• [EXERCISE AIM]: All that is needed is an exact copy of the lines from the beginning of the data below through the line containing "Cartel del concierto", minus the pictures.

• [AVAILABLE DATA]:
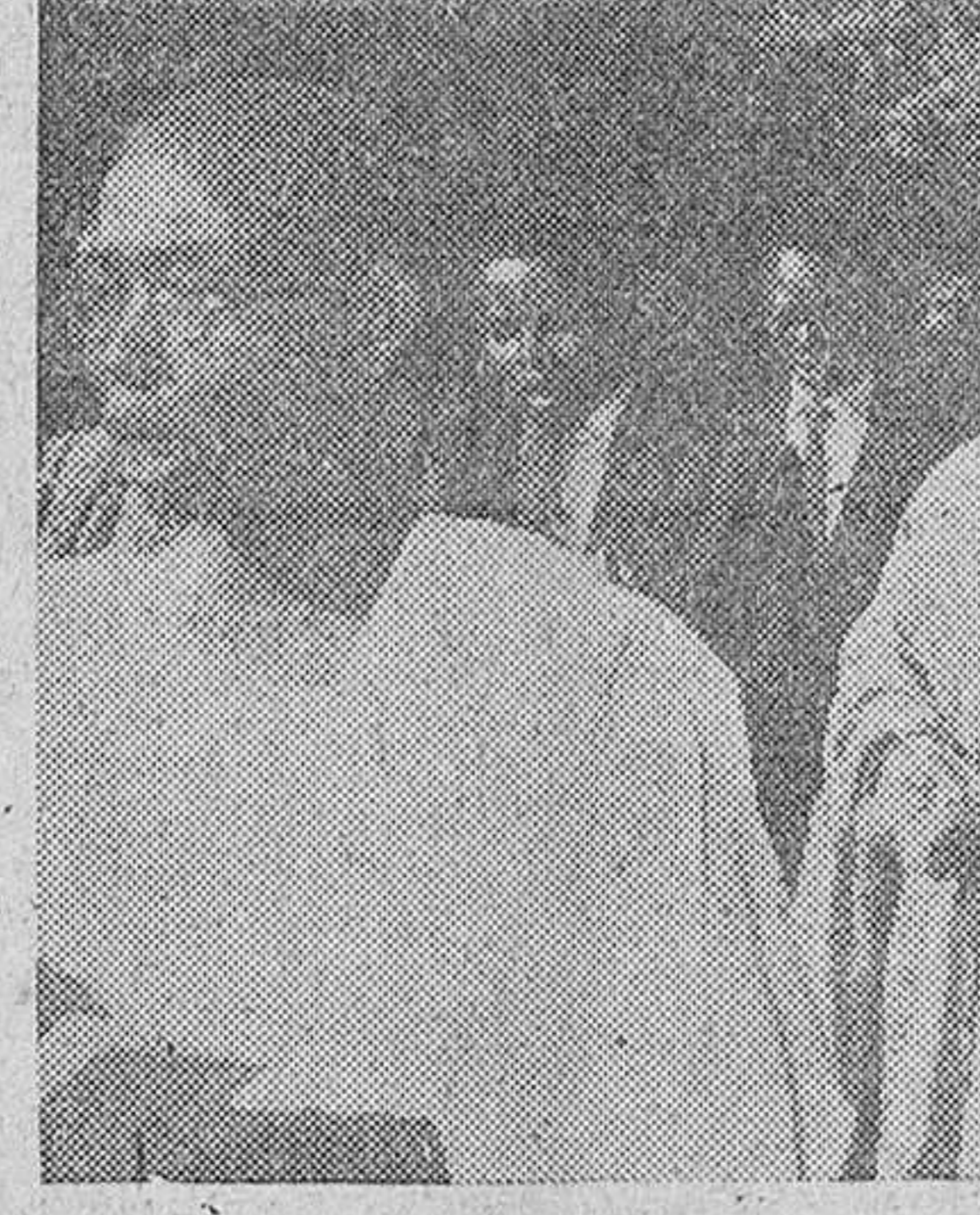
Como un testimonio de la Verdad ecuménica del catolicismo, en el mismo cortejo procesional en que formaba la peregrinación diocesana burgalesa...

cabaza y como siempre con nuestro Rvdm. Prelado que presidió también tal solemnidad, acaso la
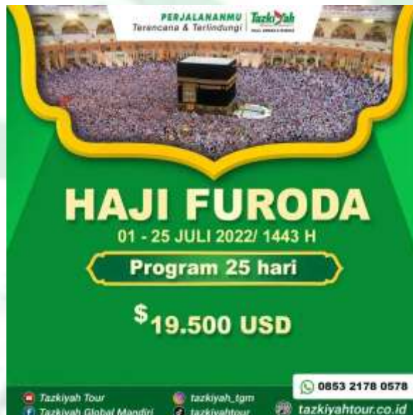
Gambar 3. Brosur Haji Furoda PT. Tazkiyah Makassar

“Bagi calon jamaah haji yang berminat ingin melaksanakan haji furoda dek, mereka harus mempersiapkan biaya yang lebih. Sebab biaya haji furoda lebih tinggi dibanding haji pada umumnya dek”. 11
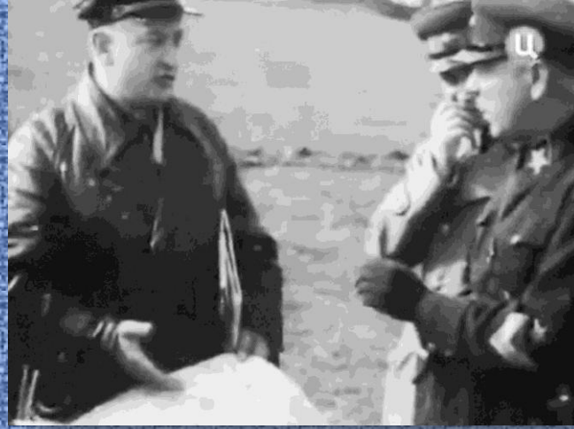
Тухачевский на военных учениях.
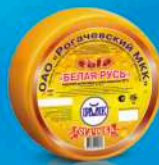
Сыр «Белая Русь»

МДЖ 45% 150 суток от 0 до +4 °С 8 кг 2 шт
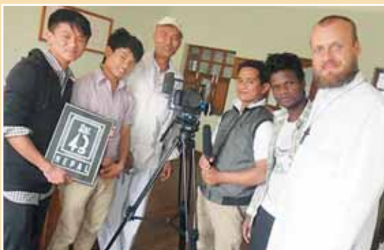
Népal, Katmandou : membres du Salesian Media Club
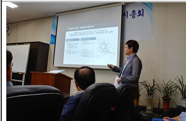
조합원 대상 설명회 개최(2018.09.05)
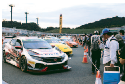
決勝レースの激戦を終えたばかりのマシンを保管するエリア「パークフェルメ」。その間近までアクセスいただいた「パークフェルメワーク」(23日)。
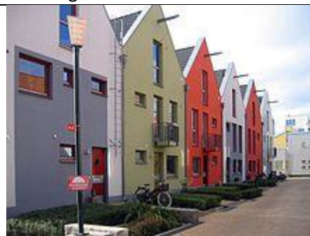
Huse i Västra Hamnen
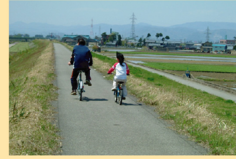
堤防上は自転車道路となっています。上流側は、鳴鹿大堰まで続きます。
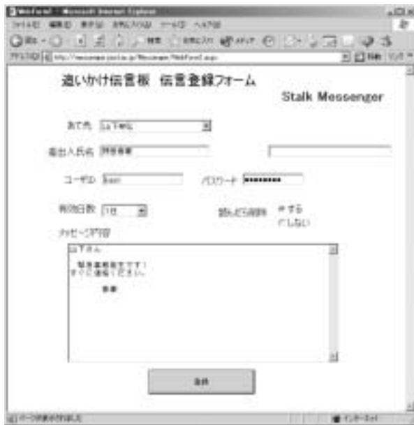
図4.3-1 メッセージ登録フォーム

EIRIS クライアント（位置情報を受け取り、メッセージがあれば EMBS コントロールサーバに指令を送るプログラム）と EMBS にメッセージを表示する Web サーバが1台のホスト上で稼働していることである。このようにすることによって処理の流れが非常に簡単になる。
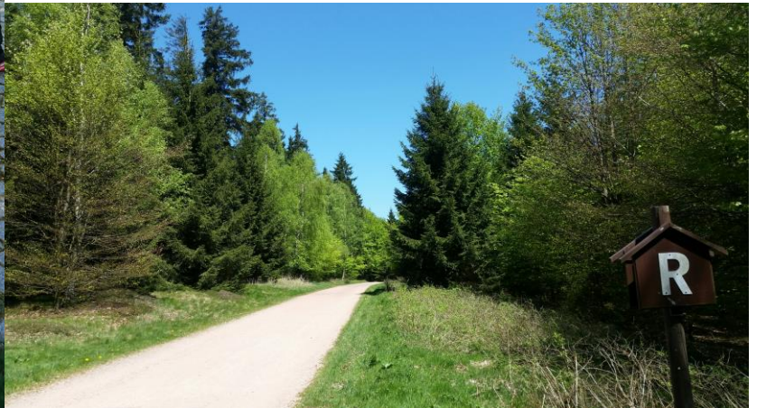
15.09.2018 - Marathon 1 Zum InselsbergTower 1036 üNN (40 km, 1253 hm)
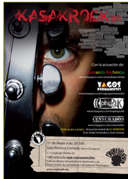
Cartel del concierto

En 2007 se han llevado a cabo diferentes eventos tanto para recaudar fondos como para darnos a conocer. En Junio llevamos a cabo nuestro festival anual de música solidaria: KasakRock . Este año organizamos la tercera edición de un festival que ya se caracteriza por hacer posible que los comedores de varias zonas rurales de la ciudad de Granada, Nicaragua sigan adelante. Creemos que a través de conciertos con trasfondo social se puede conseguir que la gente se implique y comprometa un poco más en la tarea de crear un mundo más justo.
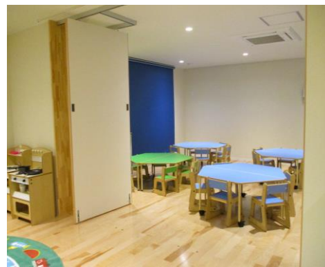
可動式パーティションで保育室の柔軟な環境設定が可能

• [SOLUTION TO THE EXERCISE]:
Como un testimonio de la Verdad ecuménica del catolicismo, en el mismo cortejo procesional en que formaba la peregrinación diocesana burgalesa...

cabaza y como siempre con nuestro Rvdm. Prelado que presidió también tal solemnidad, acaso la
Gambar 3. Brosur Haji Furoda PT. Tazkiyah Makassar

“Bagi calon jamaah haji yang berminat ingin melaksanakan haji furoda dek, mereka harus mempersiapkan biaya yang lebih. Sebab biaya haji furoda lebih tinggi dibanding haji pada umumnya dek”. 11
Тухачевский на военных учениях.
Сыр «Белая Русь»

МДЖ 45% 150 суток от 0 до +4 °С 8 кг 2 шт
Népal, Katmandou : membres du Salesian Media Club
조합원 대상 설명회 개최(2018.09.05)
決勝レースの激戦を終えたばかりのマシンを保管するエリア「パークフェルメ」。その間近までアクセスいただいた「パークフェルメワーク」(23日)。
Huse i Västra Hamnen
堤防上は自転車道路となっています。上流側は、鳴鹿大堰まで続きます。
図4.3-1 メッセージ登録フォーム

EIRIS クライアント（位置情報を受け取り、メッセージがあれば EMBS コントロールサーバに指令を送るプログラム）と EMBS にメッセージを表示する Web サーバが1台のホスト上で稼働していることである。このようにすることによって処理の流れが非常に簡単になる。
15.09.2018 - Marathon 1 Zum InselsbergTower 1036 üNN (40 km, 1253 hm)
Cartel del concierto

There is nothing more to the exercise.